Version information
released Dec 20th 2016
This version is compatible with:
- Puppet Enterprise 2023.8.x, 2023.7.x, 2023.6.x, 2023.5.x, 2023.4.x, 2023.3.x, 2023.2.x, 2023.1.x, 2023.0.x, 2021.7.x, 2021.6.x, 2021.5.x, 2021.4.x, 2021.3.x, 2021.2.x, 2021.1.x, 2021.0.x, 2019.8.x, 2019.7.x, 2019.5.x, 2019.4.x, 2019.3.x, 2019.2.x, 2019.1.x, 2019.0.x, 2018.1.x, 2017.3.x, 2017.2.x, 2017.1.x, 2016.5.x, 2016.4.x
- Puppet >= 3.4.0
- , , ,
Start using this module
Add this module to your Puppetfile:
mod 'danzilio-letsencrypt', '999.999.999'Learn more about managing modules with a PuppetfileDocumentation
danzilio/letsencrypt — version 999.999.999 Dec 20th 2016
THIS MODULE HAS BEEN MOVED TO VOXPUPULI
This module has been donated to Vox Pupuli and can be found at https://github.com/voxpupuli/puppet-letsencrypt.

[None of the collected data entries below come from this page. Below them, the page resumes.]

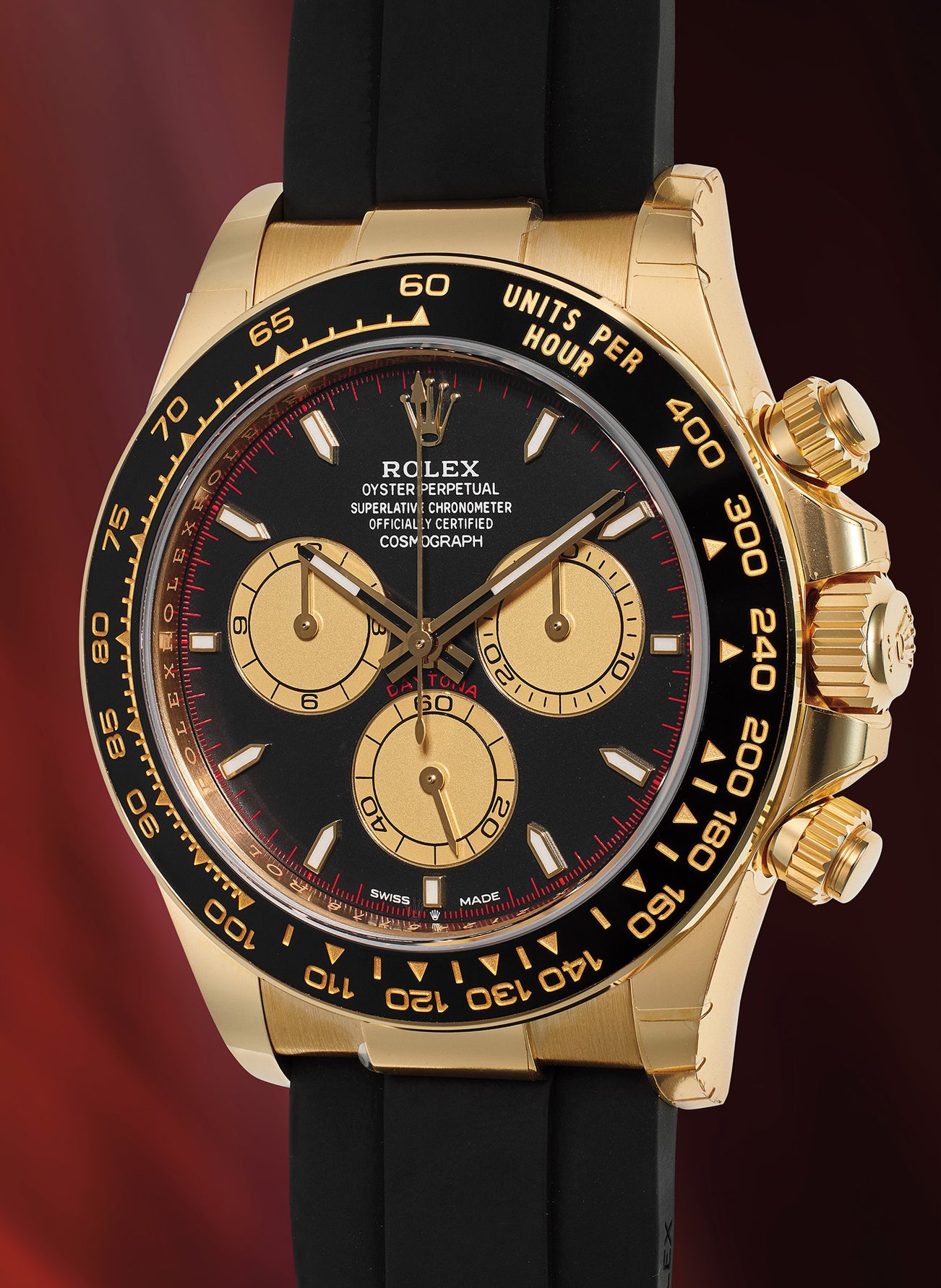 The new classic chronograph has a modern appeal offered with either golden or a bright black dial like the present watch. The smaller hour markers have a vintage feel reminiscent of the reference 16520, and high nighttime legibility with Chromalight blue luminescent hour markers. The Cerachrom ceramic bezel is highly durable with tachymetric scale made with the deposition of a thin layer of platinum in the numerals and graduations via a PVD (Physical Vapour Deposition) process. Furthermore, the chronograph features the brands sporty Oysterflex bracelet.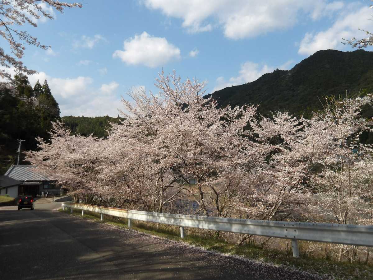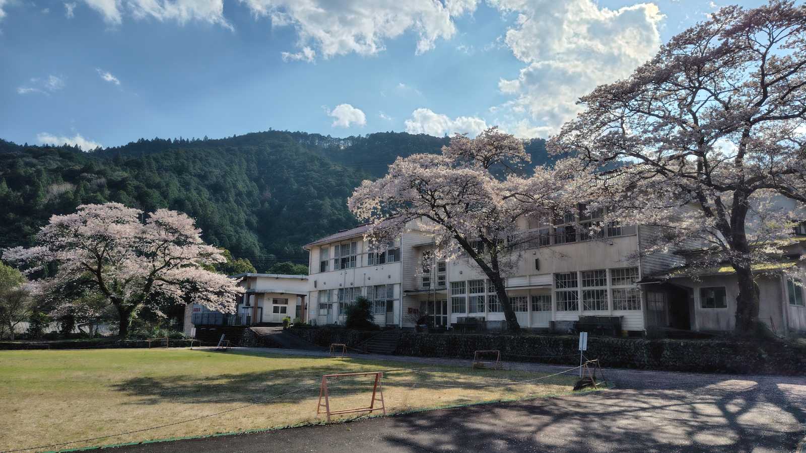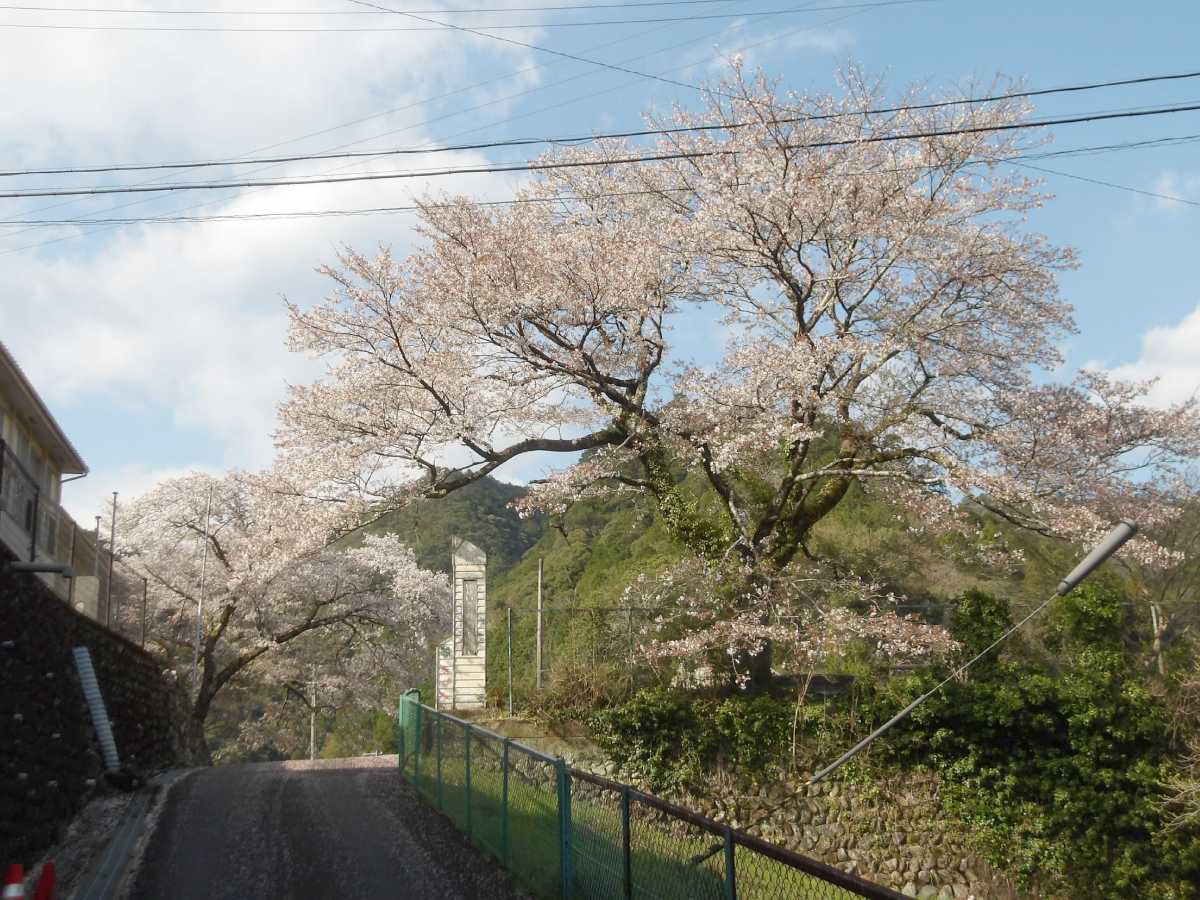 四村川沿いの桜の次は、旧皆地小学校跡。現在は「皆地いきものふれあいの里」として利用されています。尚、下に有るスペースは前の染色工房の駐車場なので、車は校庭まで上げてしまいましょう(端に止めればOK)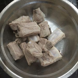 生姜,料酒,盐,排骨放入冷水焯一下,焯掉血水后,用冷水洗干净备用

This module installs the Let's Encrypt client from source and allows you to request certificates.
Support
This module requires Puppet >= 3.4. and is currently only written to work on Debian and RedHat based operating systems, although it may work on others.
Dependencies
On EL (Red Hat, CentOS etc.) systems, the EPEL repository needs to be enabled for the Let's Encrypt client package.
The module can integrate with stahnma/epel
to set up the repo by setting the configure_epel parameter to true (the default for RedHat) and
installing the module.
Usage
To install the Let's Encrypt client with the default configuration settings you must provide your email address to register with the Let's Encrypt servers:
class { ::letsencrypt:
email => 'foo@example.com',
}
If using EL7 without EPEL-preconfigured, add configure_epel:
class { ::letsencrypt:
configure_epel => true,
email => 'foo@example.com',
}
(If you manage epel some other way, disable it with configure_epel => false.)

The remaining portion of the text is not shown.